This and other films featuring priceless works of art begs the question, what does a film company do when it wants to include works of art in movies. In making “Woman in Gold” what did the director, Simon Curtis, have to do recreate scenes of the paintings as they were in Austria? Did he borrow the artworks that were filmed? After all, even if the current location of an artwork is known, it is simply too costly to move a multimillion-dollar work of art around the world just for filming purposes. Its movie magic of course! The art reproduced for this and other films is meant to fool the eyes of millions of moviegoers, and looks so real that, if released into the general public, it could potentially pass as a forgery. While the reproductions in this instance will likely be kept under lock and key in storage after the film wraps, other artists and foundations have gone to greater lengths to protect their copyrights when their works are depicted on film.

As an example, the 1996 film “Basquiat” depicted the work of many famous artists including Picasso and Warhol. Director Julian Schnabel, a painter himself who had close friendships with Jean-Michel Basquiat and Andy Warhol, wanted the art in the film to be as true to life as possible. Unfortunately, the Basquiat estate refused to give reproduction permission, instead demanding an exorbitant fee that would have made the film impossible. As a result, all of the paintings shown in the movie were created “in the style of” Basquiat, with an attorney for the estate verifying each piece as acceptable. Schnabel also convinced Picasso’s estate to allow him to create a reproduction of “Guernica” (1937) for the movie, but in exchange agreed to destroy the work immediately after and send video proof of destruction. The story of the making of the “Basquiat” film shows how artists and estates may protect their interests while still allowing some flexibility for allowing inclusion of art in the medium of film.

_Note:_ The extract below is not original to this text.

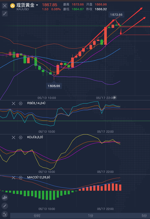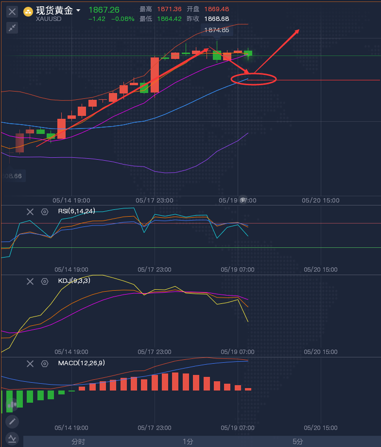 永远不要和行情背道而驰,与行情反着来是禁忌,你一个人对抗不了整个市场,顺势操作即可,行情千变万化,即使是老师也不可能完美把握每一次行情,龚关铭个人看来说的话,如果我对行情把握不准时,我就不会给单,宁愿现在不做,也不会让信任我的投资朋友们轻易进场,因为与我合作的投资朋友是建立在信任的基础上,不可能因为把握不准的行情而去拿他们的资金开玩笑,那是对相信我的投资朋友的不负责任,行情天天有,不急不躁,一步一个脚印向更美好的生活出发。 ——————消息面 5月24日讯—— 上周,加密货币、股票甚至大宗商品都出现了大规模抛售。但有一个板块表现突出,那就是黄金接近每盎司1900美元的水平。比特币的大量流出也

The film industry has a long history of creating reproductions of art for set backgrounds. Films featuring fine art have grown more and more prevalent in the past two decades. As this trend has grown, so have increased the copyright lawsuits over artists’ rights and complicated rights clearance processes with staggering monetary demands and unique instructions for the creation and destruction of the art.

Lawsuits over art depicted in two films in the 1990’s caused film companies to change their policies over rights and permissions forever. Artist Frederick E. Hart brought suit against Warner Brothers for showing a sculpture in a final scene of the movie “Devil’s Advocate” (1997), which was strikingly similar to his “Ex Nihilo” (1982), which is displayed at the Washington National Cathedral. The movie not only allegedly infringed his copyright, but also distorted the artist’s intent of portraying God’s beautiful creation of humans, not, as it was in the film, coming to life in a demonic scene of lust. After a federal judge found that Hart was likely to succeed, Warner Brothers reached a settlement, agreeing to cut and change the ending of the film before video release and also add a sticker to the 475,000 unedited versions of the film already released that disclaimed any affiliation to the artist’s sculpture, a likely difficult but necessary end to the case.

Similarly, artist Lebbeus Woods sued Universal Studios, Atlas Entertainment, director Terry Gilliam, and production designer Jeffrey Beecroft, alleging that the film “12 Monkeys” (1995) ripped off his drawing entitled “Neomechanical Tower” (1987). Woods was upset about the violation of his copyright and also the distortion of his artistic intent. In granting a preliminary injunction, the Court asked Universal to pull all copies of the already released film (an enormous expense) but Universal instead agreed to settle for a six figure sum to keep it in. These costly legal battles and settlements changed the way that production companies handle art used in films to be more cautious and to seek permission from copyright holders up front.

These cases, among others, raise issues of how to truthfully depict the past in film while still respecting the rights of artists over their creative works. Media companies, now more than ever, must check with their art departments and ensure that rights clearances are obtained for any concepts or images that may be sourced from outside. Solutions as creative as the art depicted must be sought to permit audience enjoyment on all levels. As for the reproductions in “Woman in Gold,” created by scenic artist Steven Mitchell, under the production design of Jim Clay, no information is available at present as to their fate.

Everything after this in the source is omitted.